Start of Provided information

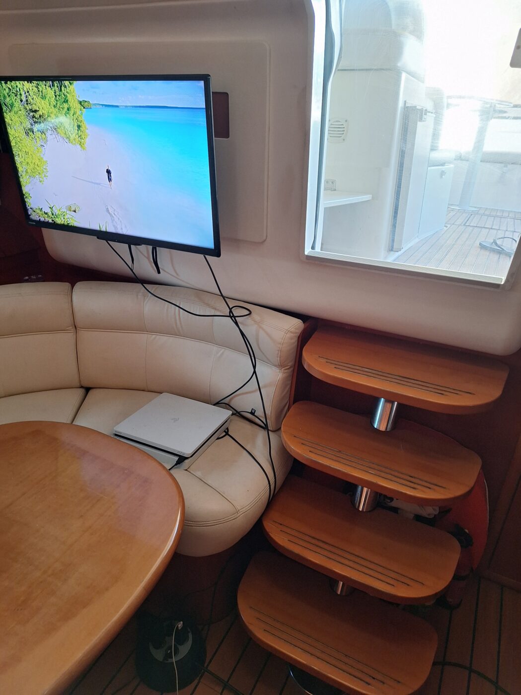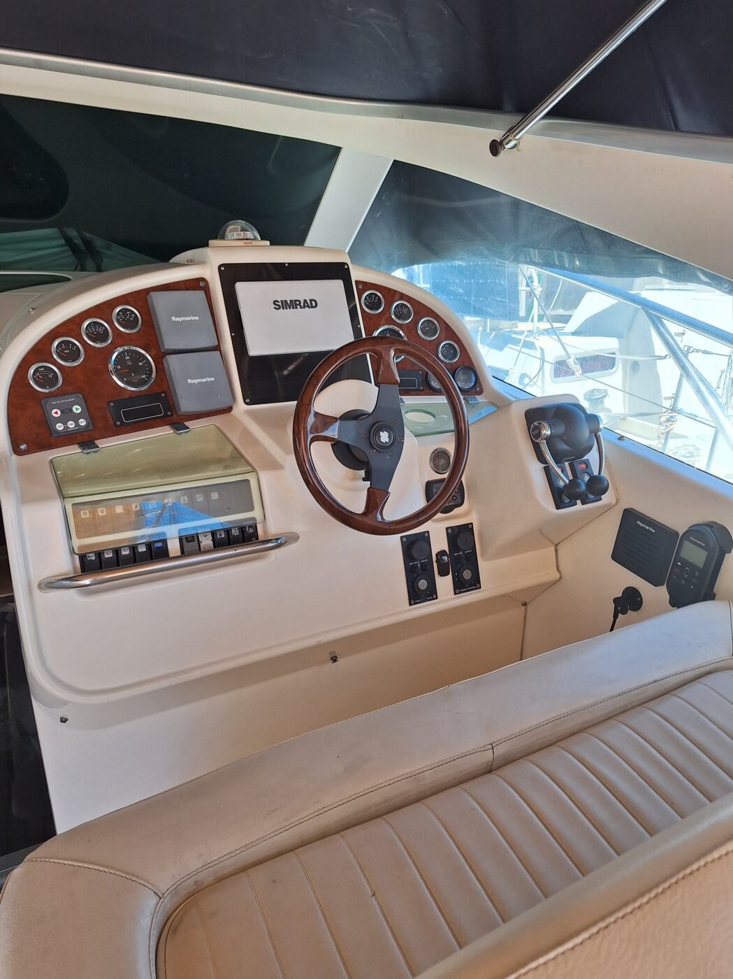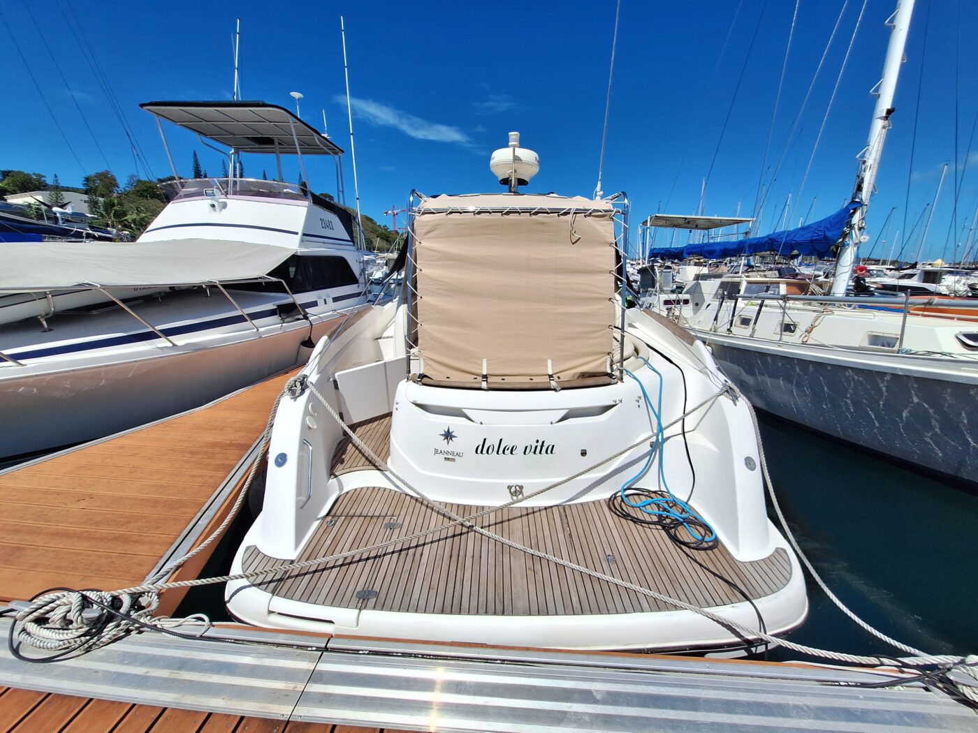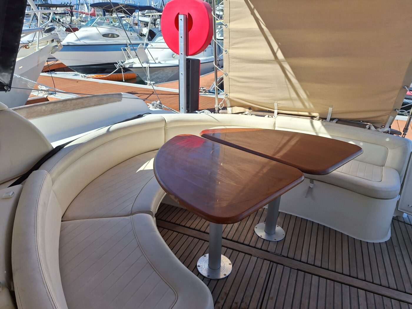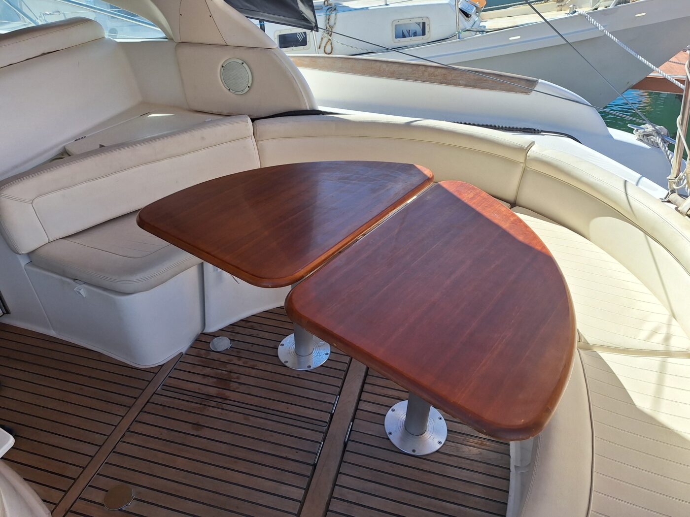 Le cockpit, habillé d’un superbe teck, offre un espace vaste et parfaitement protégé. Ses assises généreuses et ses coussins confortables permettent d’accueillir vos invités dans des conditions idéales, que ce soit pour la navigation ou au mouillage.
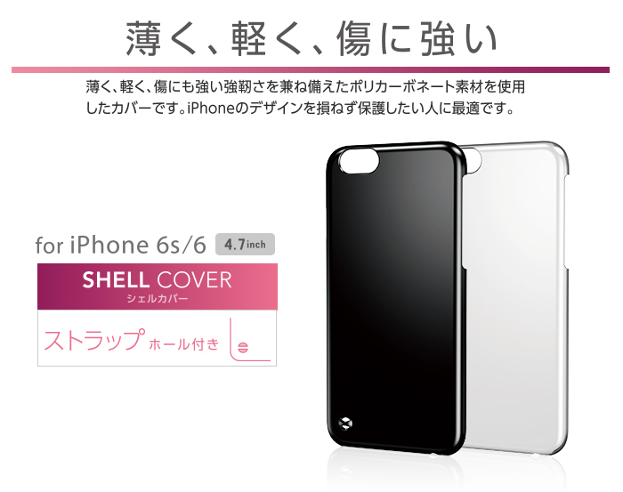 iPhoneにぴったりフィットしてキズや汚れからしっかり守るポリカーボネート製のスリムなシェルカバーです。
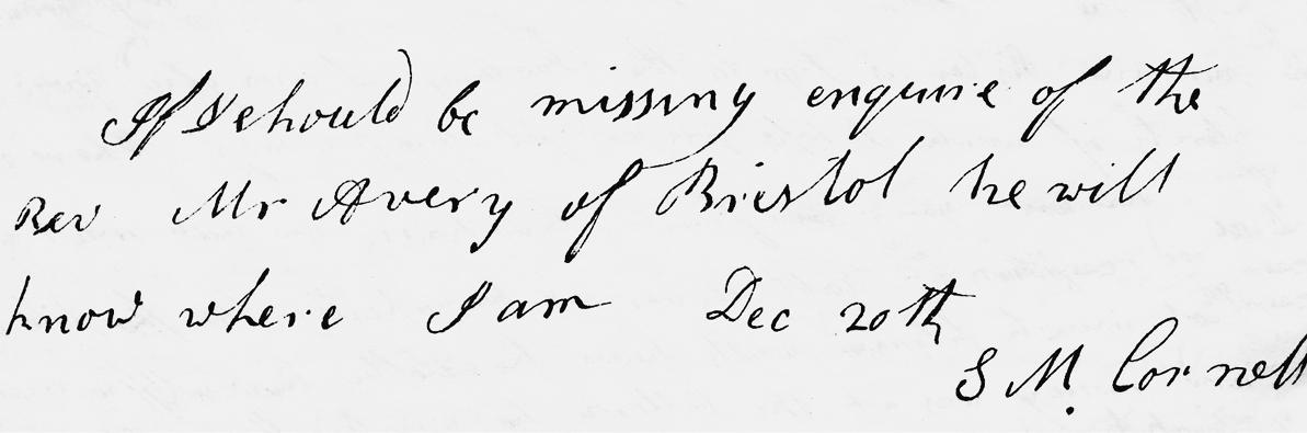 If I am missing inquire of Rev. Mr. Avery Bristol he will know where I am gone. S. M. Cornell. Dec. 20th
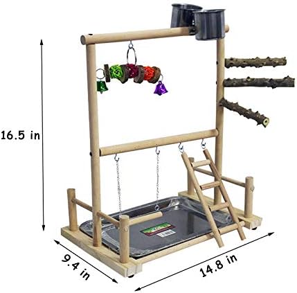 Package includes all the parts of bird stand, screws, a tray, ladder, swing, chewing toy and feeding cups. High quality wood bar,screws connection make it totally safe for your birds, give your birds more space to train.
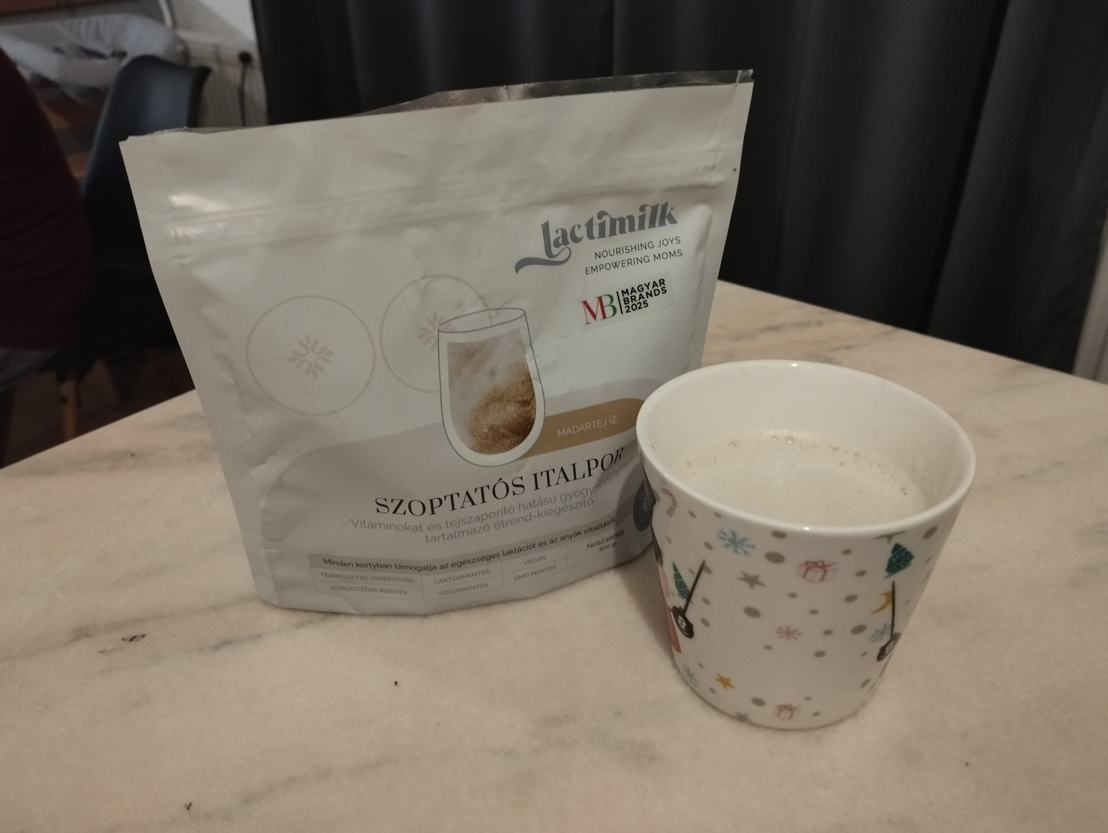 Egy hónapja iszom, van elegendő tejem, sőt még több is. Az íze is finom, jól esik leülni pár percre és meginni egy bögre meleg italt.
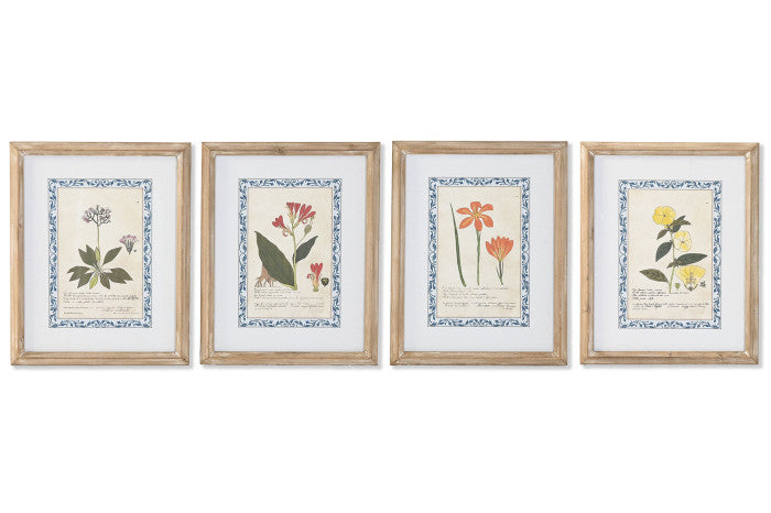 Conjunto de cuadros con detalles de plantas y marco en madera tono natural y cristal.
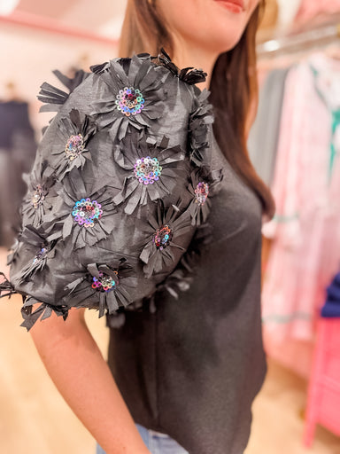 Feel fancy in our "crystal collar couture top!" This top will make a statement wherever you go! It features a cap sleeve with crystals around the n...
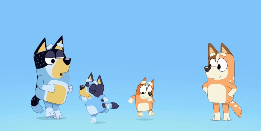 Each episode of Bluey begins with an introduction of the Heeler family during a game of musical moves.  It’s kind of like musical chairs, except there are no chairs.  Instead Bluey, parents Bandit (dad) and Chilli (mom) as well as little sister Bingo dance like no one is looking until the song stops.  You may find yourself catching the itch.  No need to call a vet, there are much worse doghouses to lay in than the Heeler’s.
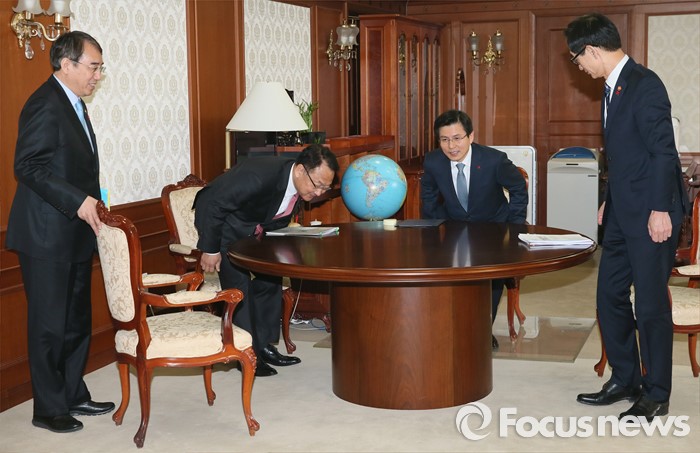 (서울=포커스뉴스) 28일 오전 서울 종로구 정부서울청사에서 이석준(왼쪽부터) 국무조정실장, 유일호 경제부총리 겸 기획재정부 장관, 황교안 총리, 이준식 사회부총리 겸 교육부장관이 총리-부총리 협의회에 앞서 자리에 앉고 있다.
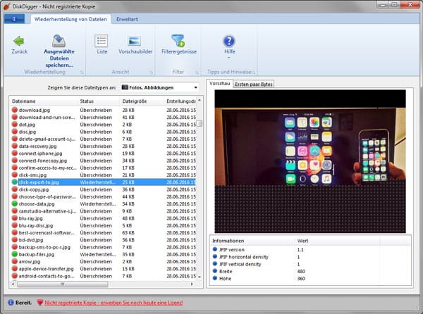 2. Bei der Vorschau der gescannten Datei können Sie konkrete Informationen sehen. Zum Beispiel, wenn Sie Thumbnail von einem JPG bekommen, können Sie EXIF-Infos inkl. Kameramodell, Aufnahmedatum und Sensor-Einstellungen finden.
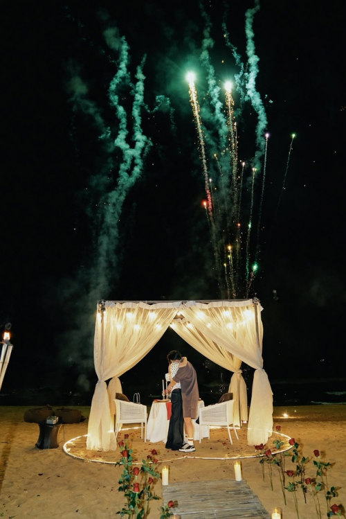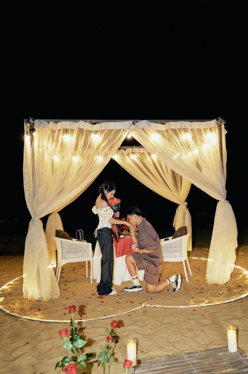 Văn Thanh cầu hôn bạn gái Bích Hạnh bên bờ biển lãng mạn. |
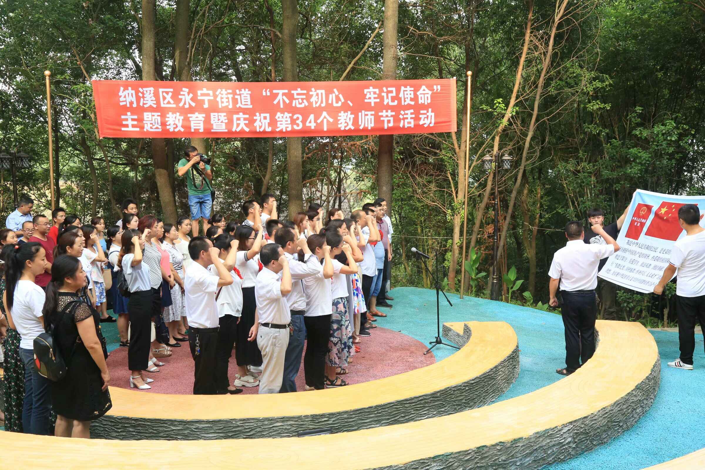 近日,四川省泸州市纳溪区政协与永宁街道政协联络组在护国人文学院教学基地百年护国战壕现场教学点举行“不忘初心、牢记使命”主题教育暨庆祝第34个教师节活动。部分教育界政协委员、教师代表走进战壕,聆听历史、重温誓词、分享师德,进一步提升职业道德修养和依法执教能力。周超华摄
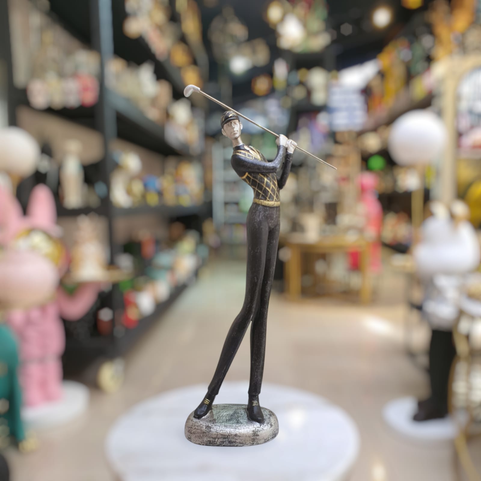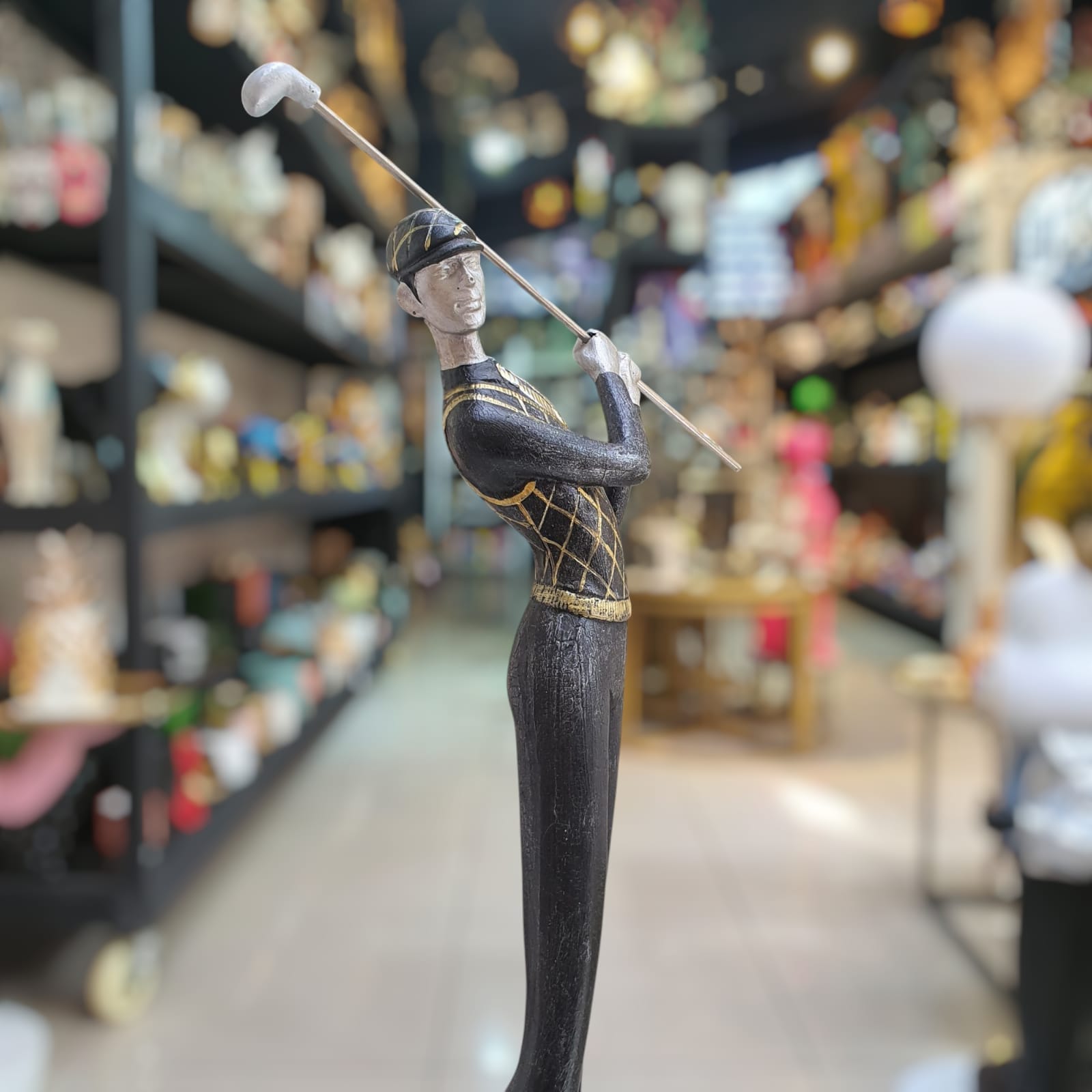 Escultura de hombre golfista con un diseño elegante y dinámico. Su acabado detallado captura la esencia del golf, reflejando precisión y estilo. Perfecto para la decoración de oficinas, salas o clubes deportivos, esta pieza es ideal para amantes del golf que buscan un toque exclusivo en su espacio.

End of Provided information

→ Your objective
Repeat word for word the lines above, from the first entry through the line containing "近日,四川省泸州市纳溪区政协", with both ends kept and the pictures dropped.

→ Answer for the task
 Le cockpit, habillé d’un superbe teck, offre un espace vaste et parfaitement protégé. Ses assises généreuses et ses coussins confortables permettent d’accueillir vos invités dans des conditions idéales, que ce soit pour la navigation ou au mouillage.
 iPhoneにぴったりフィットしてキズや汚れからしっかり守るポリカーボネート製のスリムなシェルカバーです。
 If I am missing inquire of Rev. Mr. Avery Bristol he will know where I am gone. S. M. Cornell. Dec. 20th
 Package includes all the parts of bird stand, screws, a tray, ladder, swing, chewing toy and feeding cups. High quality wood bar,screws connection make it totally safe for your birds, give your birds more space to train.
 Egy hónapja iszom, van elegendő tejem, sőt még több is. Az íze is finom, jól esik leülni pár percre és meginni egy bögre meleg italt.
 Conjunto de cuadros con detalles de plantas y marco en madera tono natural y cristal.
 Feel fancy in our "crystal collar couture top!" This top will make a statement wherever you go! It features a cap sleeve with crystals around the n...
 Each episode of Bluey begins with an introduction of the Heeler family during a game of musical moves.  It’s kind of like musical chairs, except there are no chairs.  Instead Bluey, parents Bandit (dad) and Chilli (mom) as well as little sister Bingo dance like no one is looking until the song stops.  You may find yourself catching the itch.  No need to call a vet, there are much worse doghouses to lay in than the Heeler’s.
 (서울=포커스뉴스) 28일 오전 서울 종로구 정부서울청사에서 이석준(왼쪽부터) 국무조정실장, 유일호 경제부총리 겸 기획재정부 장관, 황교안 총리, 이준식 사회부총리 겸 교육부장관이 총리-부총리 협의회에 앞서 자리에 앉고 있다.
 2. Bei der Vorschau der gescannten Datei können Sie konkrete Informationen sehen. Zum Beispiel, wenn Sie Thumbnail von einem JPG bekommen, können Sie EXIF-Infos inkl. Kameramodell, Aufnahmedatum und Sensor-Einstellungen finden.
 Văn Thanh cầu hôn bạn gái Bích Hạnh bên bờ biển lãng mạn. |
 近日,四川省泸州市纳溪区政协与永宁街道政协联络组在护国人文学院教学基地百年护国战壕现场教学点举行“不忘初心、牢记使命”主题教育暨庆祝第34个教师节活动。部分教育界政协委员、教师代表走进战壕,聆听历史、重温誓词、分享师德,进一步提升职业道德修养和依法执教能力。周超华摄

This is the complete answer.